'''
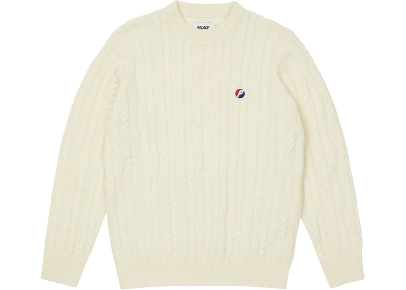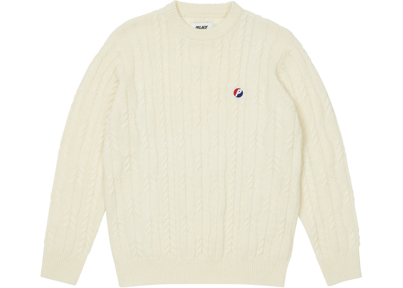 The Palace Cable Knit Cream is now available at Side Kicks!
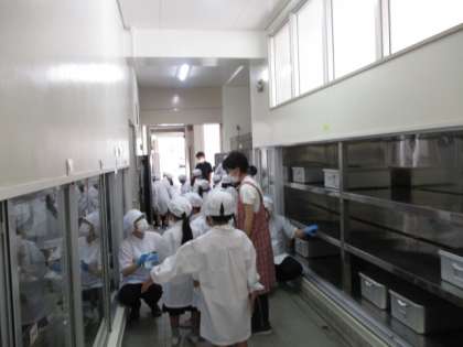 2学期の給食が始まりました!久しぶりの給食。こども達も楽しみにしていたようで、給食室に入る前からわくわくしています!クラスといただきますを大きな声で言って、調理員さんから食器カゴ、牛乳、パン箱、食缶を受けとります。
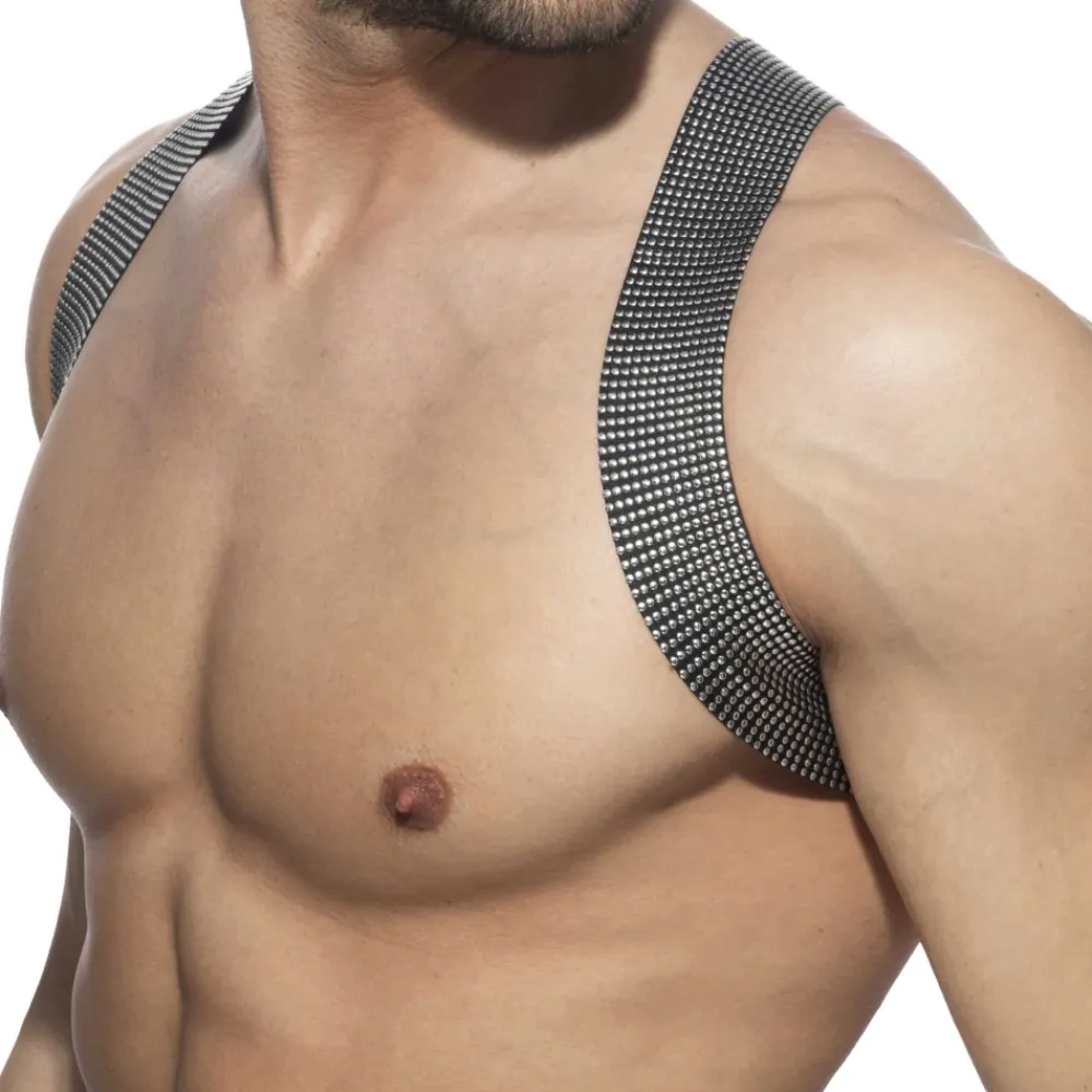 Harnais original et confortable, dont les larges bandes élastiques se croisent en formant un X dans le dos. Les straps sont recouverts de picots argentés apportants des reflets métalliques scintillants. Logo AD Party en silicone à l’arrière. Taille XS/S pour un tour de poitrine de 84 à 94 cm. M/L : 94 à 104 cm. XL/XXL : 104 à 114 cm.
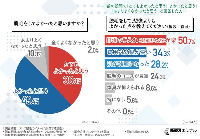 そこで今回、メンズ専用脱毛クリニック「メンズエミナル」(https://mens-eminal.jp/lp/?refmedia=31073)は、医療脱毛の経験がある20代~30代男性を対象に「メンズ脱毛施術前後のイメージ」に関する調査を実施しました。
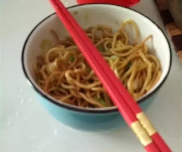 面条盛入碗中,加入酱料,撒上胡萝卜丁和香葱花拌匀即可食用。
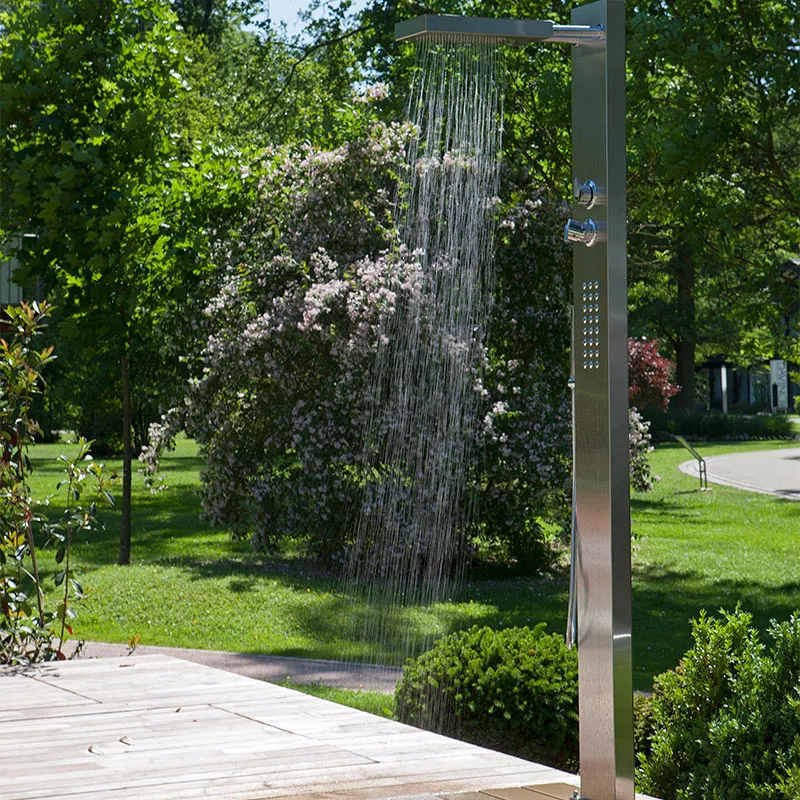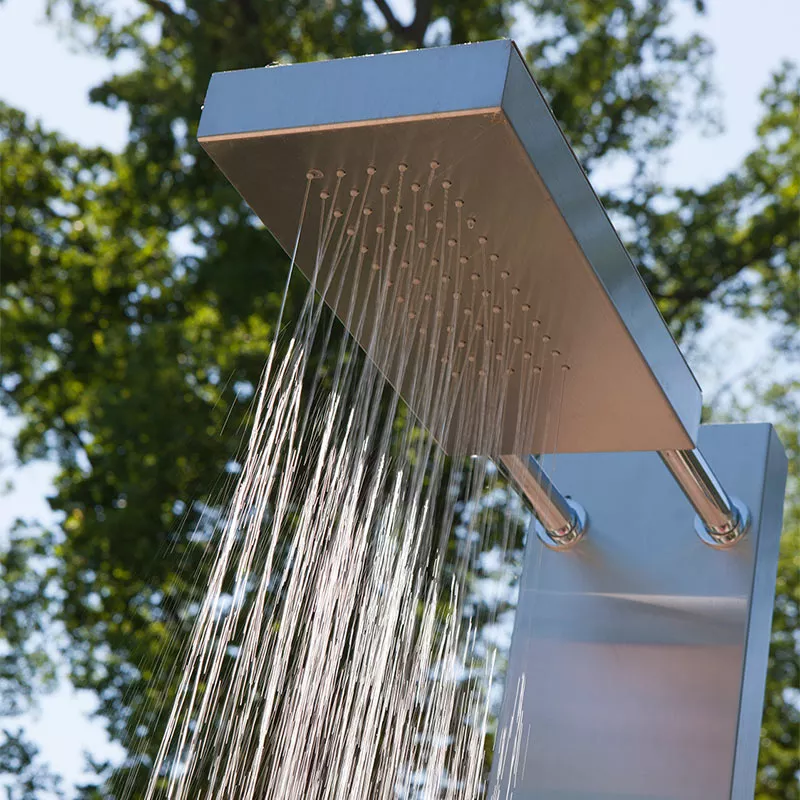De “Elba” tuindouche is gemaakt van hoogwaardig roestvrij staal. Glanzend V2A roestvrij staal gecombineerd met een uitzonderlijk design: de Elba douche is een echte eyecatcher in elke tuin.
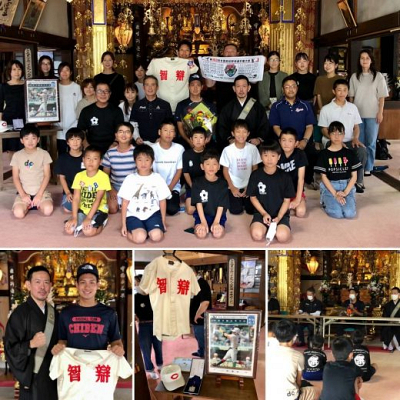 「準優勝報告会」 奈良・智辯学園 5番ファーストにして 宗蓮寺ソフトボールOB お寺へ挨拶に来てく…
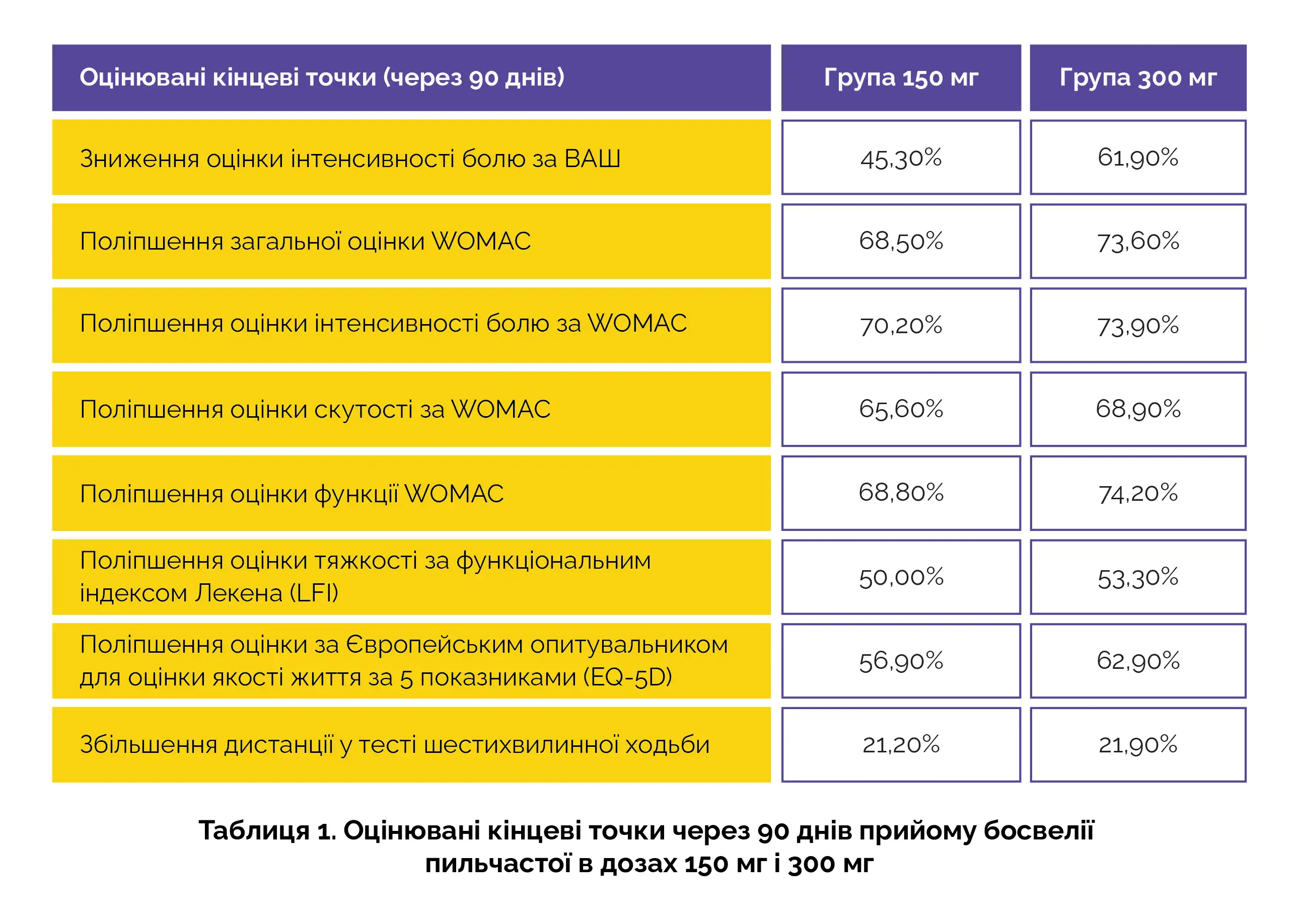 Крім того, в ході подвійного сліпого плацебо-контрольованого дослідження також оцінювали рівні біомаркерів запалення та безпеку. Дослідження завершили 98 учасників. Поліпшення оцінок інтенсивності болю було відзначено вже через п'ять днів після початку прийому добавки в обох дозах – 150 мг та 300 мг. Через 90 днів учасники, які приймали босвелію пильчасту, відзначили значні поліпшення щодо інтенсивності болю, функції та рухливості (див. таблицю 1).
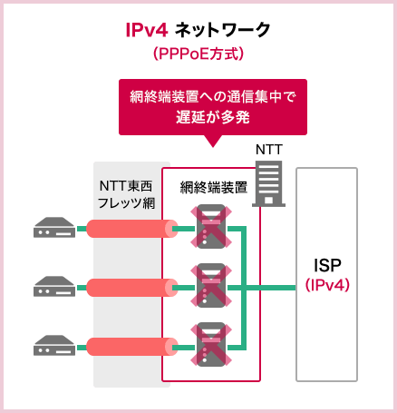 網終端装置へのトラフィック集中によって起こる輻輳。WAN内の通信をIPv6ネットワークにすることで、網終端装置を経由せずに、快適な通信を実現します。
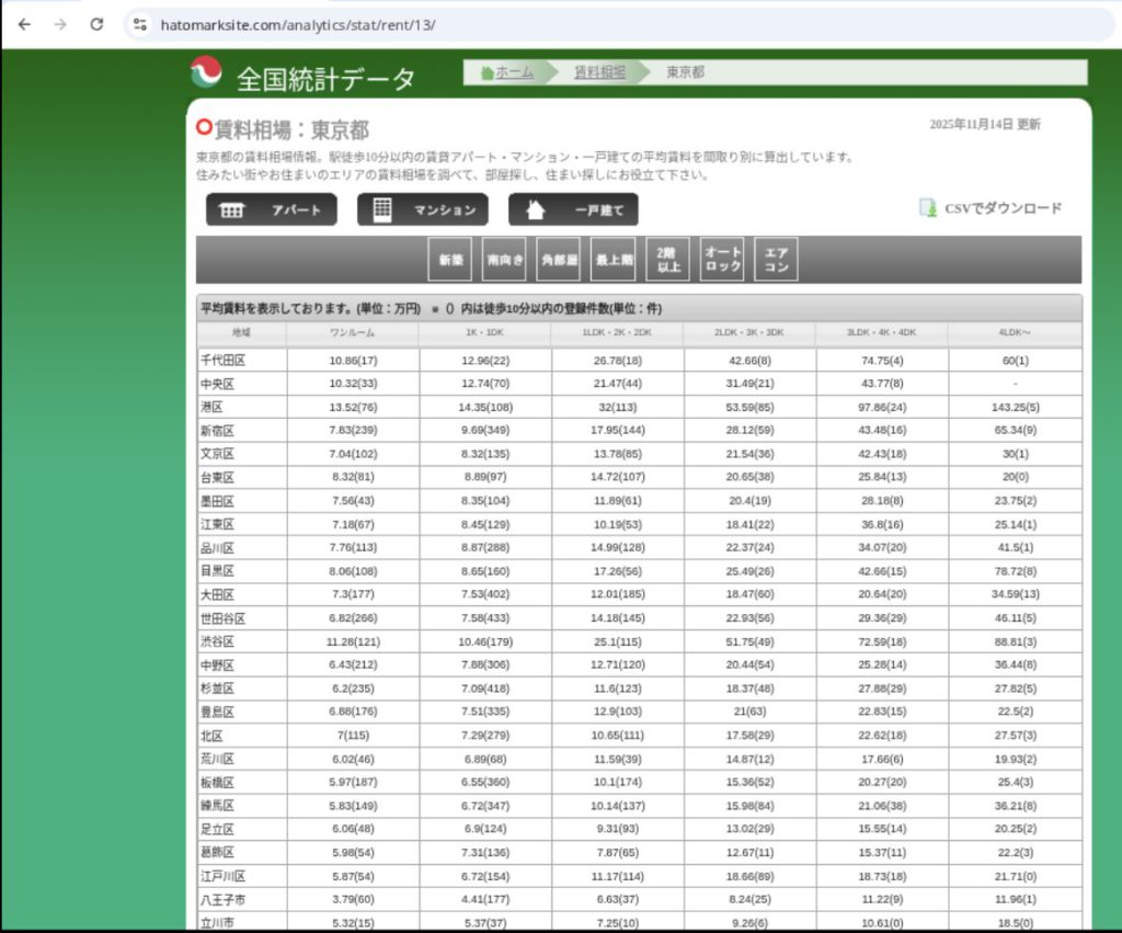 「全国統計データ」(ハトマークサイト)では、2025年11月時点の賃貸マンション平均賃料(駅徒歩10分以内)を間取り別・区別に公開している。例えば港区・中央区・渋谷区の平均賃料は次の通りであり、1LDK〜2DKでは20万~32万円、2LDK〜3DKで約31万〜53万円、3LDK以上では40万~87万円を超える。これらは2020年当時の平均家賃(2LDKで25万円前後)と比べ明らかに高い。
'''
(ACTIVITY):
Output the data above without changes, apart from leaving out the pictures.

(EXERCISE SOLUTION):
 The Palace Cable Knit Cream is now available at Side Kicks!
 2学期の給食が始まりました!久しぶりの給食。こども達も楽しみにしていたようで、給食室に入る前からわくわくしています!クラスといただきますを大きな声で言って、調理員さんから食器カゴ、牛乳、パン箱、食缶を受けとります。
 Harnais original et confortable, dont les larges bandes élastiques se croisent en formant un X dans le dos. Les straps sont recouverts de picots argentés apportants des reflets métalliques scintillants. Logo AD Party en silicone à l’arrière. Taille XS/S pour un tour de poitrine de 84 à 94 cm. M/L : 94 à 104 cm. XL/XXL : 104 à 114 cm.
 そこで今回、メンズ専用脱毛クリニック「メンズエミナル」(https://mens-eminal.jp/lp/?refmedia=31073)は、医療脱毛の経験がある20代~30代男性を対象に「メンズ脱毛施術前後のイメージ」に関する調査を実施しました。
 面条盛入碗中,加入酱料,撒上胡萝卜丁和香葱花拌匀即可食用。
De “Elba” tuindouche is gemaakt van hoogwaardig roestvrij staal. Glanzend V2A roestvrij staal gecombineerd met een uitzonderlijk design: de Elba douche is een echte eyecatcher in elke tuin.
 「準優勝報告会」 奈良・智辯学園 5番ファーストにして 宗蓮寺ソフトボールOB お寺へ挨拶に来てく…
 Крім того, в ході подвійного сліпого плацебо-контрольованого дослідження також оцінювали рівні біомаркерів запалення та безпеку. Дослідження завершили 98 учасників. Поліпшення оцінок інтенсивності болю було відзначено вже через п'ять днів після початку прийому добавки в обох дозах – 150 мг та 300 мг. Через 90 днів учасники, які приймали босвелію пильчасту, відзначили значні поліпшення щодо інтенсивності болю, функції та рухливості (див. таблицю 1).
 網終端装置へのトラフィック集中によって起こる輻輳。WAN内の通信をIPv6ネットワークにすることで、網終端装置を経由せずに、快適な通信を実現します。
 「全国統計データ」(ハトマークサイト)では、2025年11月時点の賃貸マンション平均賃料(駅徒歩10分以内)を間取り別・区別に公開している。例えば港区・中央区・渋谷区の平均賃料は次の通りであり、1LDK〜2DKでは20万~32万円、2LDK〜3DKで約31万〜53万円、3LDK以上では40万~87万円を超える。これらは2020年当時の平均家賃(2LDKで25万円前後)と比べ明らかに高い。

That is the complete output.